### Your objective:
Take nothing but the lines from the one with "涙やけやニオイ、毛並みの変化って、" through the one with "a custom name." in the entries below, both ends kept, and return them exactly with pictures left out.

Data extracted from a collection
=-=-=-=-=
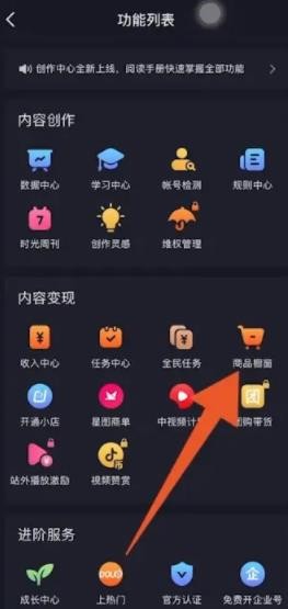 3、进入创作者服务中心页面后找到并点击【全部分类】,打开功能列表页面后点击下面的【商品橱窗】;
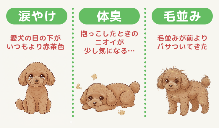 涙やけやニオイ、毛並みの変化って、
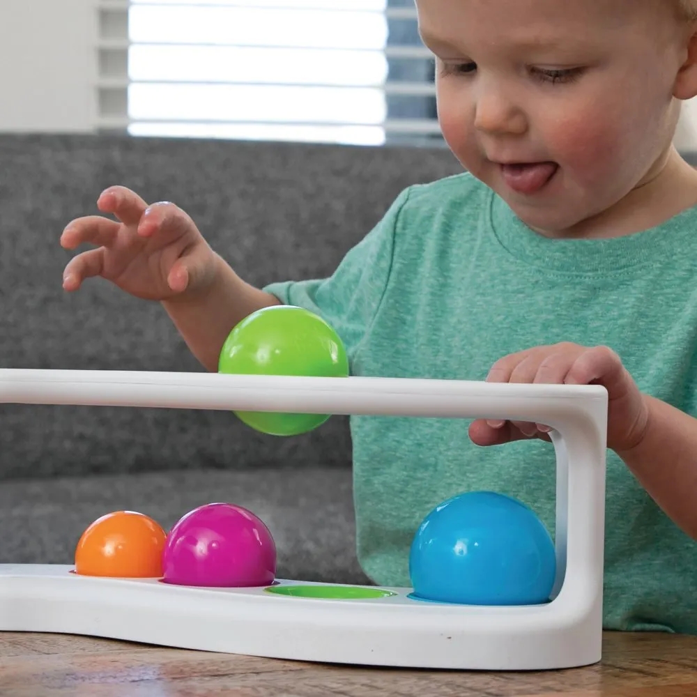 De farverige kugler ruller ned ad banen og lander i deres matchende pladser – alt imens finmotorik, hånd-øje-koordination og farveforståelse styrkes.
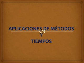 Este documento define los métodos y tiempos como un sistema de control utilizado para analizar los métodos de trabajo y establecer tiempos estándar. Explica que aumentar la productividad mediante métodos y tiempos mejorados permite que las empresas crezcan y sean más rentables. Finalmente, detalla los objetivos, características y simbología del estudio de métodos y tiempos para incrementar la productividad y reducir costos.
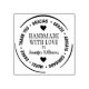 This modern "Thank You" Handmade with Love rubber stamp features a modern design with multiple languages and a custom name.
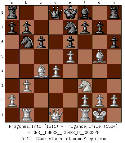 Last move : 0-1 2016 April 20 10:3:14 [Event "FICGS__CHESS__CLASS_D__000228"] [Site "FICGS"] [Date "2016.02.06"] [Round "1"] [White "Aragones,Inti"] [Black "Trigance,Emile"] [Result "0-1"] [WhiteElo "1511"] [BlackElo "1534"] 1.e4 c6 2.d4 d5 3.e5 Bf5 4.Nf3 e6 5.c4 Bxb1 6.Rxb1 dxc4 7.Bxc4 Nd7 8.O-O Nb6 9.b3 Ne7 10.Bg5 h6 0-1 Caro-Kann : Advance variation Kingside Castling by player White (move 8) Player Black won this chess game. Follow this game move after move (download)Some part of a mistake is always correct. (Savielly Tartakover) Schach sollte überall auf der Welt Schulfach werden. Es fördert die geistige Auseinandersetzung. Es lehrt die Demut in der Niederlage. (Garry Kasparov) El jugador táctico debe saber que hacer cuando algo se debe de hacer. El estratégico debe saber que hacer cuando nada se debe de hacer. (Savielly Tartakover) Les Echecs sont affaire de jugement sensible. Savoir quand frapper et quand esquiver. (Fischer) All the biggest technological inventions created by man - the airplane, the automobile, the computer - says little about his intelligence, but speaks volumes about his laziness. (Mark Kennedy)
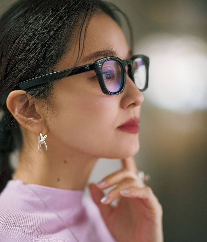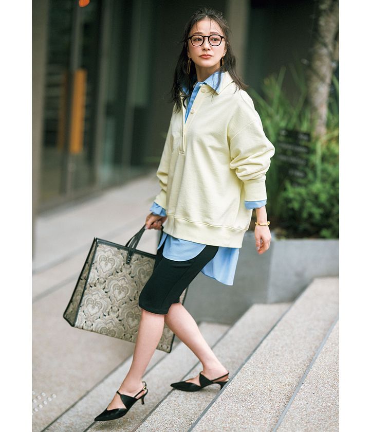 レギンスハーフパンツ¥26,400(アドーア)スウェット¥29,700(カオス/カオス丸の内)シャツ¥41,800(コラム/エストネーション)バッグ¥71,500(ア ヴァケーション/ノーベルバ)パンプス¥66,000(ネブローニ)メガネ¥38,500(ブラン/ライト)ピアス¥34,980バングル¥34,980(ともにソコ/ズットホリック)ネックレス¥13,200(Pearl for Life/ロードス)
=-=-=-=-=
### Written answer:
 涙やけやニオイ、毛並みの変化って、
 De farverige kugler ruller ned ad banen og lander i deres matchende pladser – alt imens finmotorik, hånd-øje-koordination og farveforståelse styrkes.
 Este documento define los métodos y tiempos como un sistema de control utilizado para analizar los métodos de trabajo y establecer tiempos estándar. Explica que aumentar la productividad mediante métodos y tiempos mejorados permite que las empresas crezcan y sean más rentables. Finalmente, detalla los objetivos, características y simbología del estudio de métodos y tiempos para incrementar la productividad y reducir costos.
 This modern "Thank You" Handmade with Love rubber stamp features a modern design with multiple languages and a custom name.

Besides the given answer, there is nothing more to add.